Ok, I'm gonna agree to disagree that combat ptsd is different on the basis that it causes the stress cup to be full all the time. Because that's ridiculous. Out of control levels of stress are a pretty core part of any ptsd.

Thing is, you're now saying that you can't (1) communicate any emotions other than happiness; and (2) you can't communicate what you've done with your day unless it's good news.

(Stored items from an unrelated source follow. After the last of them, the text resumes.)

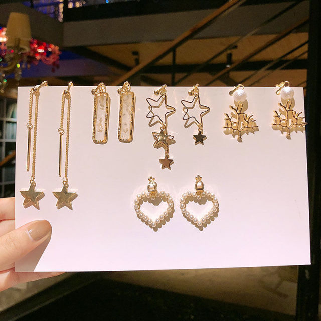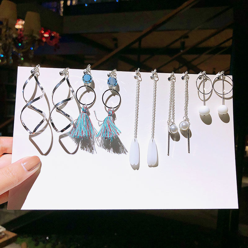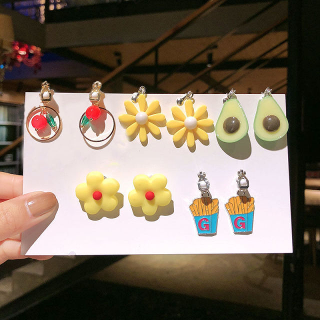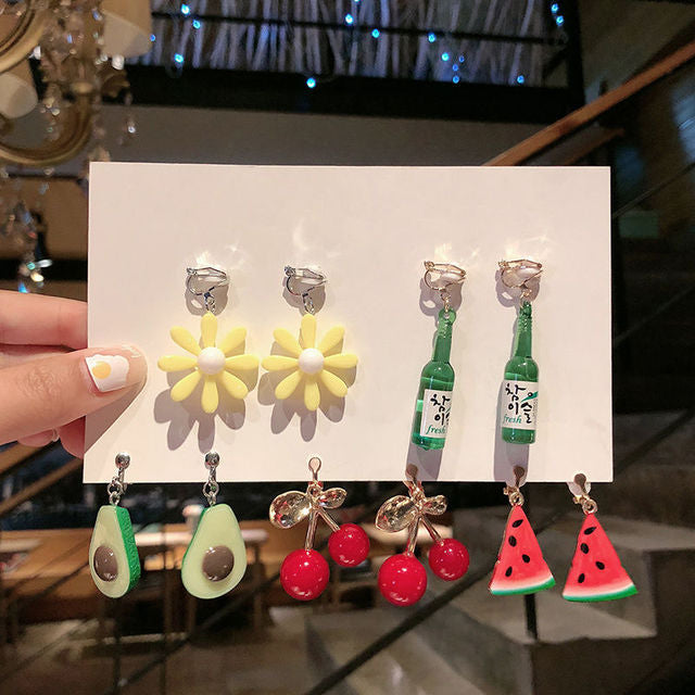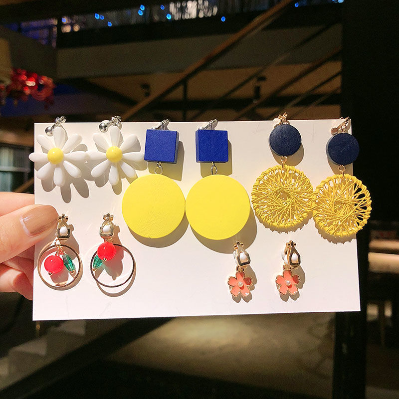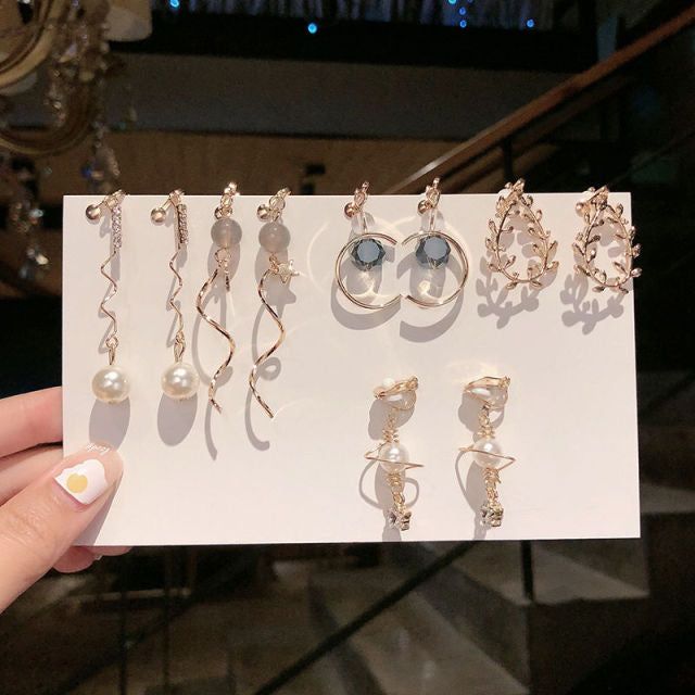 Un juego de 5 pares de pendientes de clip estilo coreano sin perforaciones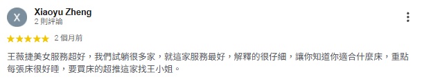 王薇捷美女服務超好,我們試躺很多家,就這家服務最好,解釋的很仔細,讓你知道你適合什麼床,重點每張床很好睡,要買床的超推這家找王小姐。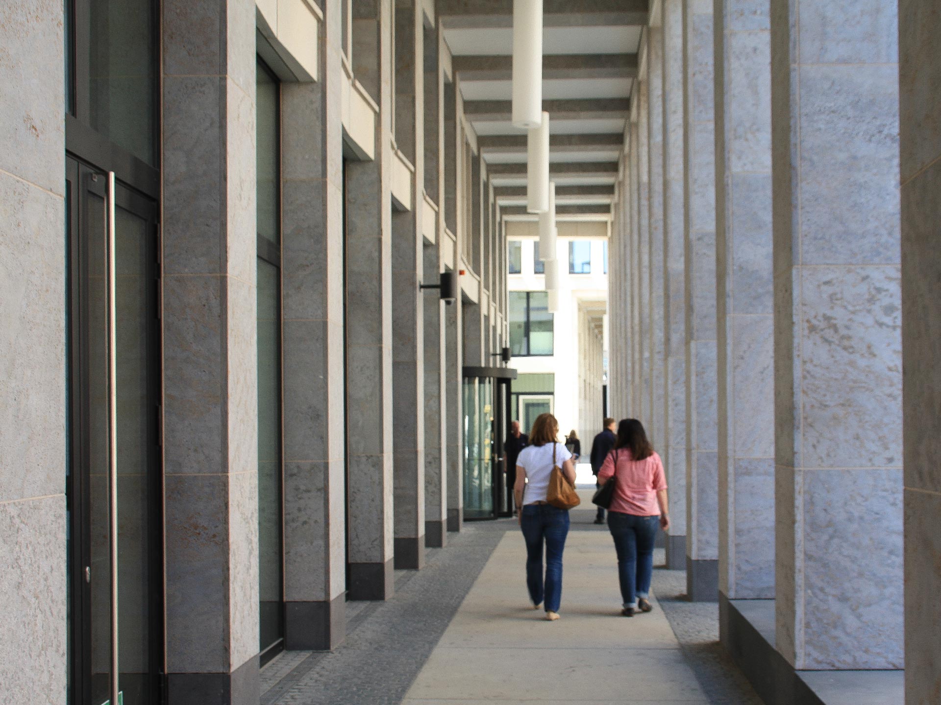 Die höhenmäßig gestaffelten und von mehreren Architekten gestalteten Gebäude bilden ein räumlich strukturiertes Ensemble aus Arkaden, Gassen, Straßen und Plätzen. Im zentralen Platz treffen sich alle Verbindungen. Eine ornamentartig gegliederte Grünanlage mit einem zentral positionierten Wasserbecken besetzt diesen Raum. Sie zieht aus allen Richtungen die Blicke auf sich, lädt zum unverbindlichen Aufenthalt ein und gewährt den kurzzeitigen Rückzug aus dem hektischen Treiben. Eine flächig umhüllende und atmosphärisch wirksame Beleuchtung zaubert in den Abendstunden einen besonderen Ort hervor, zumal sich diese Lichtinszenierung von der regulären Straßenbeleuchtung im Umfeld besonders charakteristisch abhebt.

So, I'm still kind of wondering- apart from a lot of time together, what exactly is this partnership about? What do you share with each other, if it doesn't include how you're feeling or what's happening in your life?
 
We have awesome days, weeks even months at a time. When he's in PTSD mode. Not so much.
 
That's tough. Hopefully his getting effective treatment and the good times start to become the norm for you both. Can't imagine that it's much fun for him either when his symptoms are active.
 
Isupo - the point of the OP's post seemed to be that they were reacting to the unreasonable behaviours of their SO in a certain way and that they 'wanted to be better than that'.

So, rather than being merely "I want everyone to understand how hard it is", it seemed more like "I'd like to do something about the way I react". The first option is just a little tantrum. The second option appeals to constructive ways to improve the situation.

There's a huge difference. Simply indulging behaviour that is destructive to the relationship (like threatening to break it off over a bad phone call - frankly, that doesn't bode well for the survival of this relationship), I've been trying to explore potential angles for how things might change. For the better.

So, frankly, which one of us is being helpful here? To me? Just moaning about how unreasonable the sufferer is being? Isn't helpful.
 
I think I'm seeing a lot of codependency in this thread.

I have no idea why anyone would want to be in a relationship where they can't get support for normal life stuff.

No, this is not unique to combat ptsd. This is a trait of untreated/unhealed ptsd. That is, they aren't healed enough to really be in a healthy relationship. (I won't ever agree that a healthy relationship consists of one partner never being able to support the other.)
 
That's generally the problem with untreated PTSD (insert not all sufferers, etc)- the supporter has to be able to be completely independent emotionally, and have their own support system that largely doesn't include the sufferer. My sufferer could not handle my health issues, either, even though I am under a doctor's care, and did not expect him to do anything about them - anything I told him was at his request because he wanted to know. And emotional? Fuhggetaboutit. He called me abusive for having stressful days at work, and not be able to completely leave the stress at the door (IE, being not quite as happy as normal while at home because work was stressing me? That was abusive according to him).

I didn't realize how unhealthy and codependent I was, constantly walking on eggshells and swallowing my own stuff to avoid adding to his stress, this was until we separated.